▶ [ACTION ITEM] Among the lines below, restate word for word only those from the line with "- Remarks by" through the line with "罗蒙女士休闲百搭圆领长袖衬衫2025秋季新款气质优雅职业通勤衬衣", with both end lines kept.

[Stored data entries]
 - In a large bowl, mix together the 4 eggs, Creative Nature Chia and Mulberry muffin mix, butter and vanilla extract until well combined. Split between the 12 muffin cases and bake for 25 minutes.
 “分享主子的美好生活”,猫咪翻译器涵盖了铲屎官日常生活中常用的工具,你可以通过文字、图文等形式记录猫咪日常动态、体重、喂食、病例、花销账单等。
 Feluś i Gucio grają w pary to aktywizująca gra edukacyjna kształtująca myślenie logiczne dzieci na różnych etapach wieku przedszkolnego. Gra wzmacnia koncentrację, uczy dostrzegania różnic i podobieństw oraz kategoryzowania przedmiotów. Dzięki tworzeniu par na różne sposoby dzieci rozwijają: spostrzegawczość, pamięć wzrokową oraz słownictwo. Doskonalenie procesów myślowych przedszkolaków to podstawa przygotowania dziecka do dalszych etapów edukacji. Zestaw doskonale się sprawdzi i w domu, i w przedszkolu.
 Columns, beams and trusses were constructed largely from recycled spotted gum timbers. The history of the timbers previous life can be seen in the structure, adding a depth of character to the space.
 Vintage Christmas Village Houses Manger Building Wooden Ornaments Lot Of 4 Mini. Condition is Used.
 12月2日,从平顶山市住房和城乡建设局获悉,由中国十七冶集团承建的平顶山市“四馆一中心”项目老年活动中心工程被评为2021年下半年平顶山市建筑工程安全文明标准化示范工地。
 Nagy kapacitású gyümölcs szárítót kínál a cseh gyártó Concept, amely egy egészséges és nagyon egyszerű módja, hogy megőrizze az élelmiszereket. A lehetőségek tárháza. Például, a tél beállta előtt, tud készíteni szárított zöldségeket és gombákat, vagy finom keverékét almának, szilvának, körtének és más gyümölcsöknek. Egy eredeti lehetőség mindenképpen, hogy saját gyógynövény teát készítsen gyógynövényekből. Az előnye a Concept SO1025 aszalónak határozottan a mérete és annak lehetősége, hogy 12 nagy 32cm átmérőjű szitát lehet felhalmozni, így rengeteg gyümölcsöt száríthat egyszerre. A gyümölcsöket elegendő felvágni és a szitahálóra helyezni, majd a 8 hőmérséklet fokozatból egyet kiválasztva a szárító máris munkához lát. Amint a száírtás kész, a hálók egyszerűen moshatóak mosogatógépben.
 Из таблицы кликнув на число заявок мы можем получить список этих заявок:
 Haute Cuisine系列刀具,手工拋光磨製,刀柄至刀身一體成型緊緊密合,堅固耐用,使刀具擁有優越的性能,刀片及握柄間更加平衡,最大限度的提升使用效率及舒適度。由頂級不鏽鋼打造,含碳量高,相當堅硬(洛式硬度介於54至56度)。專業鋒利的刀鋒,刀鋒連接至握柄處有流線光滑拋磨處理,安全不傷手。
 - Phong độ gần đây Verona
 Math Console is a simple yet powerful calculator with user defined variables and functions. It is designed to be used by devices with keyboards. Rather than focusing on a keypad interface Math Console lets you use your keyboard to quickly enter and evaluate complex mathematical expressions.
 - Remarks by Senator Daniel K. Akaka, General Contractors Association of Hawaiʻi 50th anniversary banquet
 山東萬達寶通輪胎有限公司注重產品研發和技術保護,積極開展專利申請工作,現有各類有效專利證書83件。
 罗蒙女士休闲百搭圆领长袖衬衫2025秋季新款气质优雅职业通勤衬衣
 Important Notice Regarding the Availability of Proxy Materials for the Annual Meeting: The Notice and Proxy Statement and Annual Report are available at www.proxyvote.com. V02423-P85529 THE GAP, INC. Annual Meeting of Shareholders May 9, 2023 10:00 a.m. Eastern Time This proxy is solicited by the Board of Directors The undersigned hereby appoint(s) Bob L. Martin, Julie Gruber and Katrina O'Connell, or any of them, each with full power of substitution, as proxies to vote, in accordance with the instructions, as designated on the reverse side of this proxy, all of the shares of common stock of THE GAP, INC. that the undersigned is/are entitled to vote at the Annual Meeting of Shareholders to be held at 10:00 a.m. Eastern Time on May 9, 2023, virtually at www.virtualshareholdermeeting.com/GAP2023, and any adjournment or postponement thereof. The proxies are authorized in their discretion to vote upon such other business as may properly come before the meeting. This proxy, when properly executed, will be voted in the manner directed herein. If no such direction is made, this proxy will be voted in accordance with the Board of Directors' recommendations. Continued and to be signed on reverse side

▶ [SOLUTION FOR THIS TASK]
 - Remarks by Senator Daniel K. Akaka, General Contractors Association of Hawaiʻi 50th anniversary banquet
 山東萬達寶通輪胎有限公司注重產品研發和技術保護,積極開展專利申請工作,現有各類有效專利證書83件。
 罗蒙女士休闲百搭圆领长袖衬衫2025秋季新款气质优雅职业通勤衬衣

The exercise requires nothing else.